In one possible implementation, the primary server determines the number of service requests of each type according to the type of the service request. Correspondingly, the main server receives the service request initiated by the terminal and determines the type of the service request. The main server determines the number of service requests of each type according to the type of each service request. For example, the main server receives 5 service requests initiated by the terminal, and the main server determines the types of the 5 service requests as service request a, service request B, and then the main server determines that the number of service requests a is 2 and the number of service requests B is 3.
In another possible implementation manner, each type of service request contains different request functions, and the main server determines the type of the service request according to the request function of the service request. Correspondingly, the main server receives the service request initiated by the terminal and determines the request function of the service request. The main server determines the service request type according to the request function of the service request. For example, the service request a includes a function of the service a, and the main server determines that the service request is the service request a through the function of the service a.
502. And the main server determines the time calling characteristics and the operation data of each type of service instance in the current cloud service according to the number of each type of service request.
In the embodiment of the application, for each type of service request, the main server needs to call the online service instance of the type to process. Correspondingly, the main server determines the calling number of the online service instance of each type according to the number of the service requests of each type. And the main server determines the time calling characteristics and the operation data of each type of service instance according to the calling number of the type of online service instance.

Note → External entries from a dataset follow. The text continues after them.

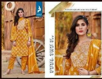
THE BOSSIC OF BOSSIC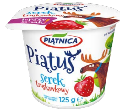
Piątuś Fromage Frais with strawberries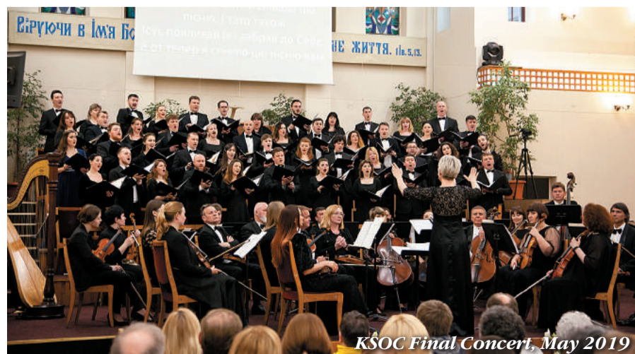
KSOC Final Concert, May 2019

In one possible implementation manner, the main server stores the relationship between the calling number of each type of online service instance and the running data of the type of service instance. Correspondingly, the main server determines the calling number of the online service instance of the type, and determines the operation data of the service instance of the type from the relation between the calling number of the online service instance of the type and the operation data of the type.
It should be noted that, when an online service instance of the type exists in the current cloud service architecture, for each type of service request, the online service instance of the type is called between the main servers for processing. And the main server returns the processing result of the online service instance to the service request.

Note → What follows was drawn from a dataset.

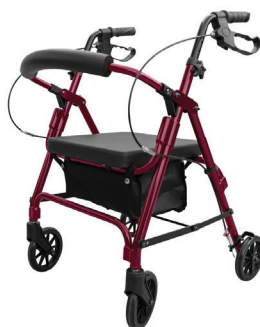
Rollator & Walker

In another possible implementation manner, when the online service instance of the type does not exist in the current cloud service architecture, the processor may download a specific function package according to a request function of the service request, generate the online service instance of the type through the downloaded function package, and then process the service request through the online service instance. For example, the service type of the service request is a service request E, and if there is no corresponding online service instance E in the current cloud service architecture, the processor downloads a specific function package according to the service request E, generates a corresponding online service instance E through the downloaded specific function package, and then processes the service request E through the online service instance E.
503. The main server stores the time calling characteristics and the running data of each type of service instance in the current cloud service architecture.
The main server can monitor and store the time calling characteristics and the operation data of each type of service instance in the current cloud service architecture in real time to obtain a database.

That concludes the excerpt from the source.